Dezelfde kweker kan de P/K-booster later in de bloei blijven gebruiken, wanneer de plant veel minder fosfor en meer kalium nodig heeft. De fosfor blijft dus ongebruikt in het medium, maar ook weer niet inactief. Ongebruikte fosfor staat erom bekend dat het zich bindt met andere mineralen, waardoor ze niet meer beschikbaar zijn (zoals calcium en verschillende micro-elementen). Het punt dat we proberen te maken is dat we voor een optimale groei en productie van planten moeten werken als een militaire sluipschutter, die voeding zo dicht mogelijk bij het punt van behoefte verstrekt. Zo geeft de natuur er de voorkeur aan en zo bereiken wij onze doelen.

LAATSTE GEDACHTEN OVER DE INTERACTIE TUSSEN VOEDINGSSTOFFEN

De meeste telers concentreren zich op hun voedingswatermengsel. Soms zijn ze heel wetenschappelijk over welke producten ze gebruiken, en hoe ze hun meststof toepassen. En dat is goed. Wat erin gaat beïnvloedt wat eruit komt. Maar er is een diepere en belangrijkere overweging. We moeten beter gaan kijken naar het groeimedium en de wortelzone. Hier gebeurt de magie. Dit is waar we succes boeken of falen. Er is een bekend gezegde onder biologische boeren: "Voed de grond, niet de planten." De plant is slechts een deel van de vergelijking. Er vinden voortdurend uiterst complexe en enigszins mysterieuze activiteiten plaats tussen minerale ionen, microben, plantenweefsel, water en gassen.

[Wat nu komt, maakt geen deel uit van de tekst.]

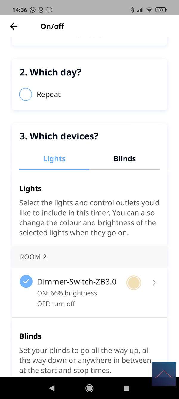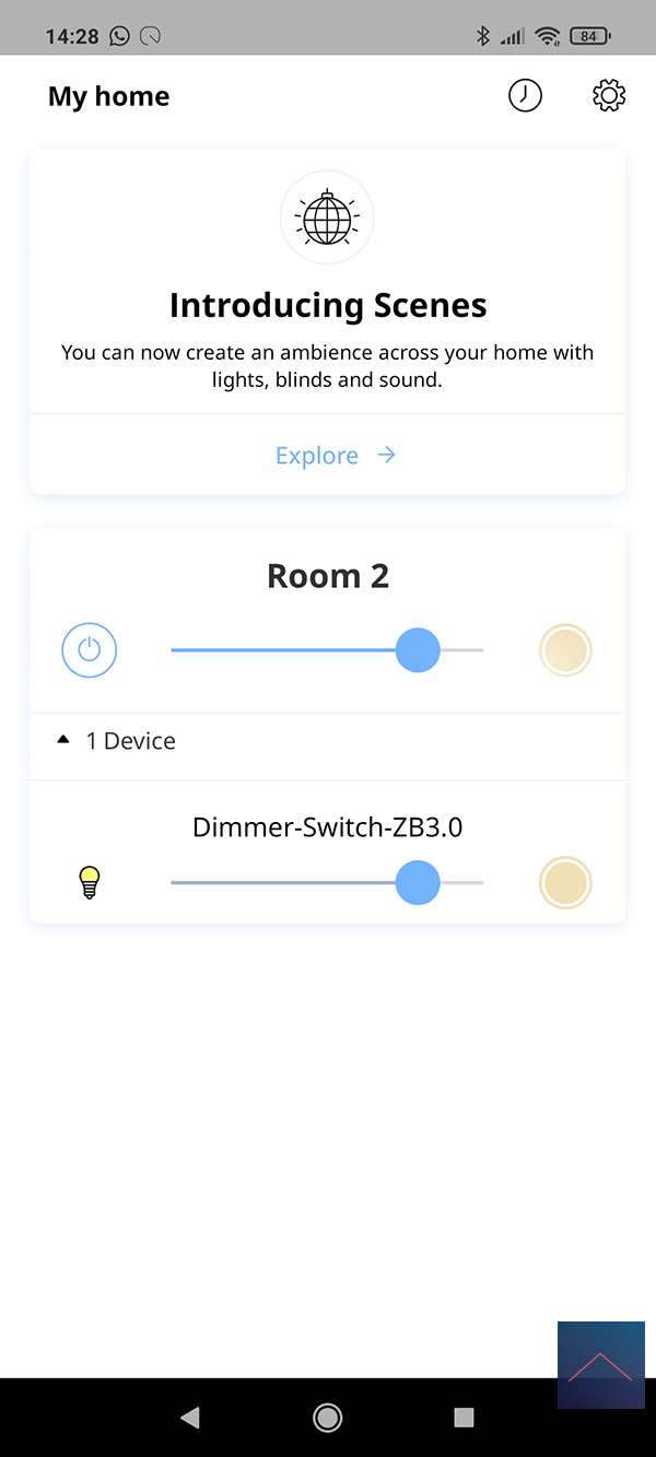 De dimmer werd gevonden en ik kan hem bedienen (aan/uit en dimmen).

Uiteindelijk is elke situatie, elke plant, elk medium en elke kweekomgeving net iets anders. Om consequent de beste resultaten te behalen, moeten kwekers zich grondig bewust worden van de specifieke eisen van hun tuin. Zonder dit begrip is het gemakkelijk om ongeziene problemen te veroorzaken die drastische, negatieve effecten hebben.